Exercise materials:
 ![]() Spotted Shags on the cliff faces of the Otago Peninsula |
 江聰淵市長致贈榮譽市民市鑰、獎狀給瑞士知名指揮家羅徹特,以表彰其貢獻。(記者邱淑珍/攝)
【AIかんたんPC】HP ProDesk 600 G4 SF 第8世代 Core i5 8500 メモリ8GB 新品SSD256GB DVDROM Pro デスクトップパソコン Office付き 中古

...

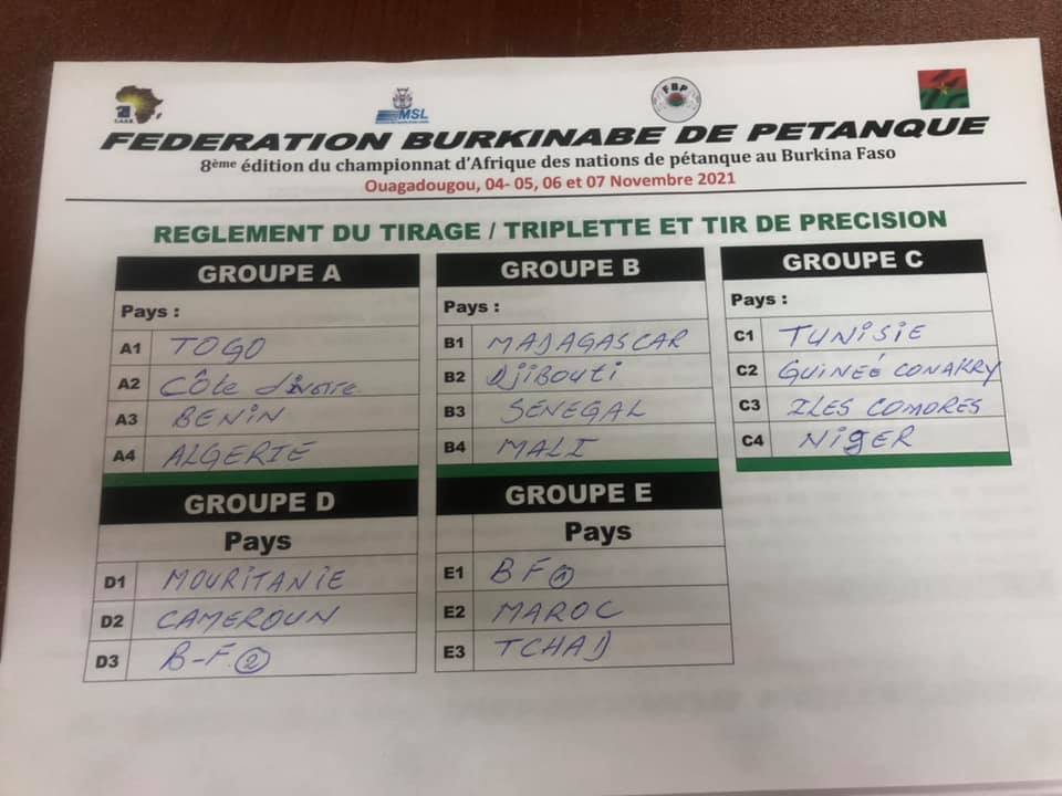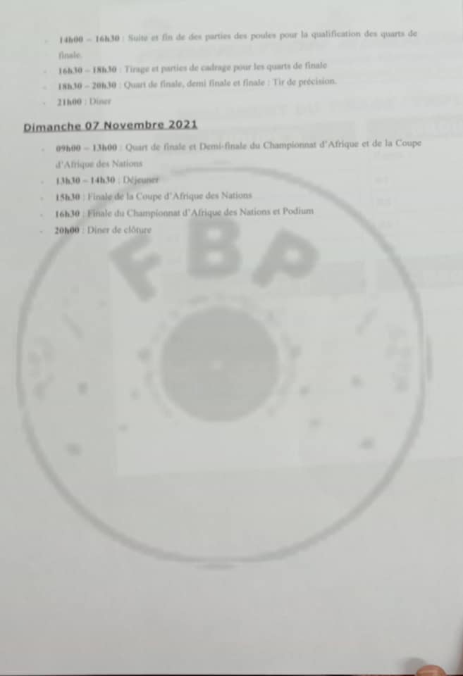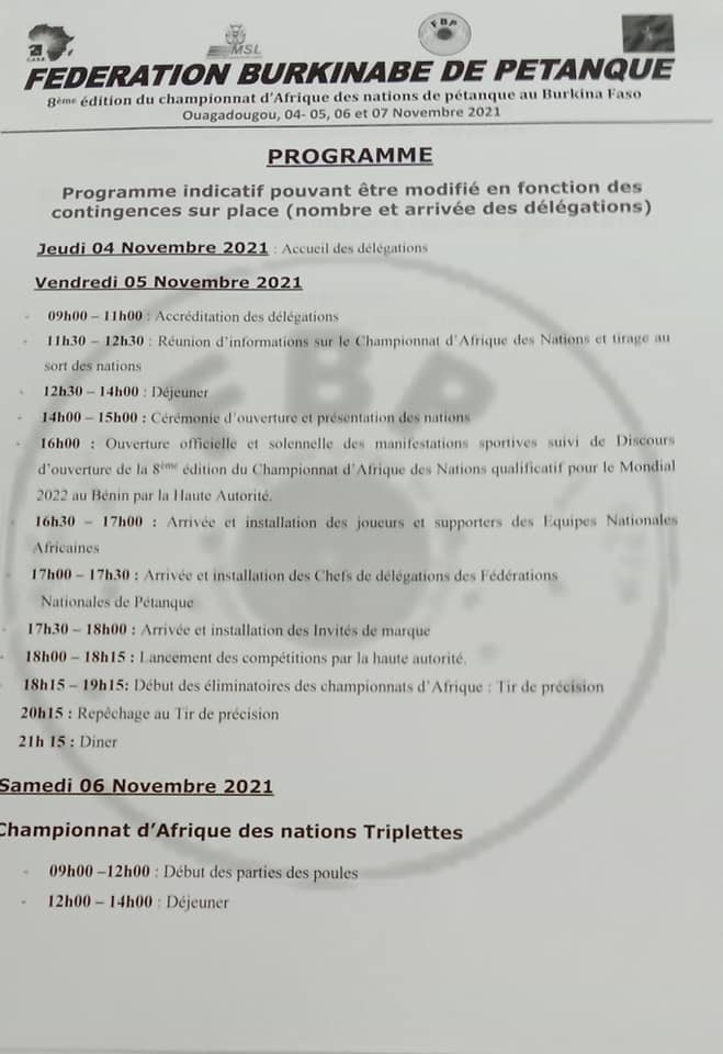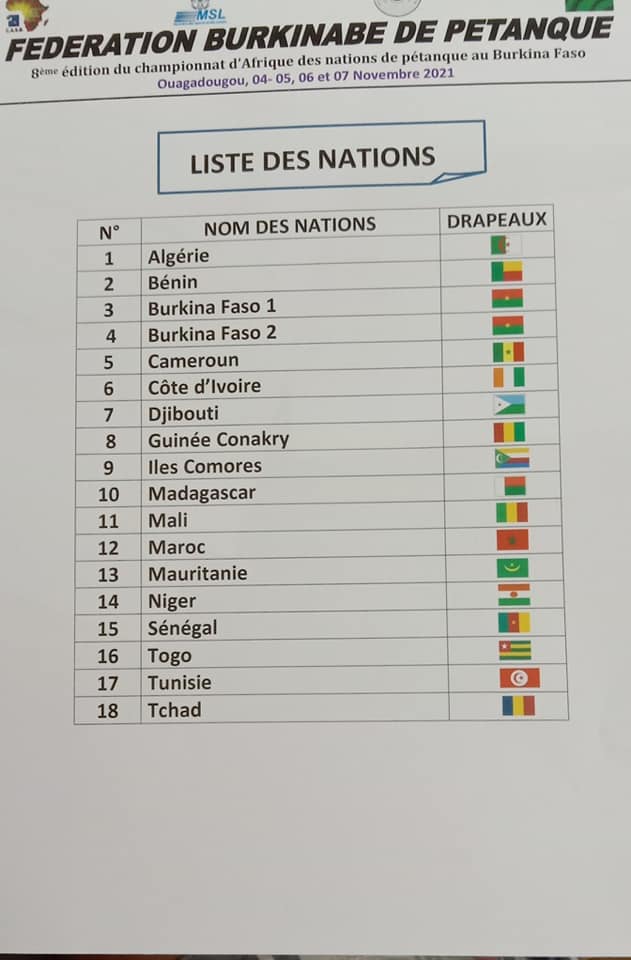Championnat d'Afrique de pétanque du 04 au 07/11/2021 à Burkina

Task objective: An exact, complete copy of the lines above from the one with "Otago Peninsula |" through the one with "デスクトップパソコン Office付き 中古" is the whole answer.

Exercise answer:
 ![]() Spotted Shags on the cliff faces of the Otago Peninsula |
 江聰淵市長致贈榮譽市民市鑰、獎狀給瑞士知名指揮家羅徹特,以表彰其貢獻。(記者邱淑珍/攝)
【AIかんたんPC】HP ProDesk 600 G4 SF 第8世代 Core i5 8500 メモリ8GB 新品SSD256GB DVDROM Pro デスクトップパソコン Office付き 中古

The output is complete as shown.